Firms reliant on the life science sectors have established a new ‘Science Industry Partnership’ to help develop new skills in the UK.

Firms reliant on the life science sectors have established a new ‘Science Industry Partnership’ to help develop new skills in the UK.

The new Partnership has already signed up around 50 employers: some of the first to become engaged include: GlaxoSmithKline, Pfizer, Johnson and Johnson, Amgen, MedImmune, Fujifilm Diosynth, Ineos, Victrex, Takeda Cambridge and Pentagon Chemicals.

Together these employers are developing a new vision of the skills base needed for global success. The Science Industry Partnership will commission innovative skills solutions which will challenge the status quo, while also ensuring the UK has the technicians, scientists and innovators of the future.

To establish the Partnership a range of leading employers from the science-using sector will be submitting a bid into the Government’s Employer Ownership of Skills Pilot to use some of the £340 million competitive fund.

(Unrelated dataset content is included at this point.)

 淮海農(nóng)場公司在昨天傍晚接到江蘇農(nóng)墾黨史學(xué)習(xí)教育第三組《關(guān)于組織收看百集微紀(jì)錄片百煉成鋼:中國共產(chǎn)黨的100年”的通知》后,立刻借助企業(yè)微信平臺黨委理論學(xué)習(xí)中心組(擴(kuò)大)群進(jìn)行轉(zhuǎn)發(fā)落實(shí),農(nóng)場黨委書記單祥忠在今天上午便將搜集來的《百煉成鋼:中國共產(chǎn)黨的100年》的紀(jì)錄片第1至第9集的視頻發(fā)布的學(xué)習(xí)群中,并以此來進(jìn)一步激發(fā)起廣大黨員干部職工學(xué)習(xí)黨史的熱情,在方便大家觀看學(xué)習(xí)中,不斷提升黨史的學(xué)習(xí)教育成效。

The Science Industry Partnership’s bid into this EOP fund will be fully supported by Cogent, the strategic skills body for the science-based industries

This fund is investing in a range of pilot proposals from employers who are willing to work together in similar partnerships and take ownership of skills in their sectors.

GSK director Malcolm Skingle, who will chair the Science Industry Partnership, said: “If Britain is to remain at the cutting edge of scientific discovery, it’s crucial that we’re able to access the right talent and that we know how to nurture this. This partnership will put employers in the driving seat, allowing us to identify ways of attracting the best young people and in turn securing the essential skill base for a prosperous UK science-based sector.”

The Partnership will focus on the talent needed for the future and places an emphasis on using skills as the vehicle for technology adoption and innovation.

Consultation so far suggests employers are keen to develop solutions around attracting young people into important and exciting science jobs; increasing and supporting apprenticeships; developing graduate employability and embedding work placements in degrees, ensuring standards-led training for the current workforce, building masters’ programmes around strategically important technologies and establishing even stronger collaboration between industry, education and training providers.

SMEs will also benefit from the Science Industry Partnership, which is aimed at supporting the skills development so vital to the scientific supply chain and to the innovative small to medium-sized companies, which it says are crucial to the sector’s success.